El guión es, por lo demás, bueno, incluso brillante en su conjunto. La trama es bastante ágil, poco a poco va ascendiendo en intriga e intensidad y lo que parecía, inicialmente, un caso sencillo de error judicial, en el que incluso, en el primer episodio, podemos apostar quién ha sido realmente el asesino, se convierte bruscamente en un caso de corrupción policial, negligencia de la fiscalía, cuyo titular va para gobernador del Estado, lo que nos sitúa, acto seguido, en un caso de corrupción política de altos vuelos. La acusación y la petición de la pena capital se basan en el testimonio de una niña que vio al acusado en la escena del crimen… pero que no lo vio matando a las víctimas. El análisis de ADN demostrará –con posterioridad a la ejecución del condenado- que el condenado (y ejecutado) era inocente. Será a partir de ese momento, cuando empiece a emergen la trama que ha inducido deliberadamente a ese “error judicial”.

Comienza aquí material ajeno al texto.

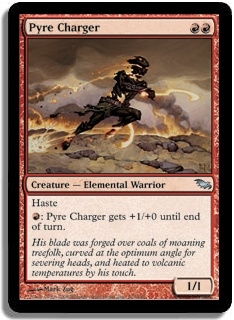 Haste R: Pyre Charger gets +1/+0 until end of turn.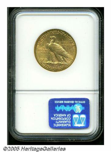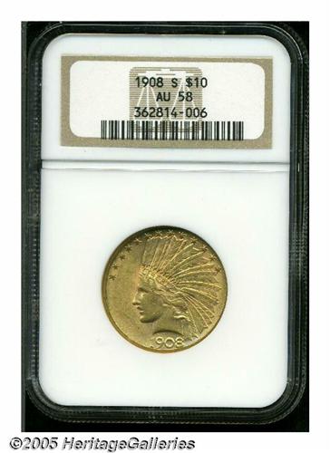<B>1908-S<$10> AU58 NGC.</B></I> Peach-gold surfaces display nice remaining luster. The design features are well struck, though the eagle's left shoulder is weak. A few light contact marks are noted on the Indian's cheek and in the left (facing) reverse field.

Así pues, el guión es antológico, bien atado, original e inteligente. Ahora bien, el modelo de producción está sometido a restricciones económicas y eso se nota en la falta de espectacularidad de la fotografía, en lo convencional del montaje, de las actuaciones y de la realización y en la visible rapidez con la que ha sido filmada.

El resultado final es, con todo, aceptable: los episodios discurren rápidamente (habrán sido muchos espectadores los que la habrán visto en un maratón de fin de semana), no aburre en ningún tramo, pero “falta algo”. A pesar de esto, quienes la han visto lamentan que no haya una segunda temporada. En cualquier caso, la serie deja, simplemente, un buen recuerdo.

Serie adaptada para los interesados por los “dramas judiciales” o los “thrillers de abogados”, también para los que desconfían del sistema de justicia americano. Recomendada a los que busquen guiones de calidad y no les importe excesivamente el resto de elementos constitutivos de la serie. Y, finalmente, adaptada para los que no tengan excesivo tiempo y se nieguen a ver culebrones y novelas-río, partidarios de las miniseries y de las temporadas de diez episodios o menos.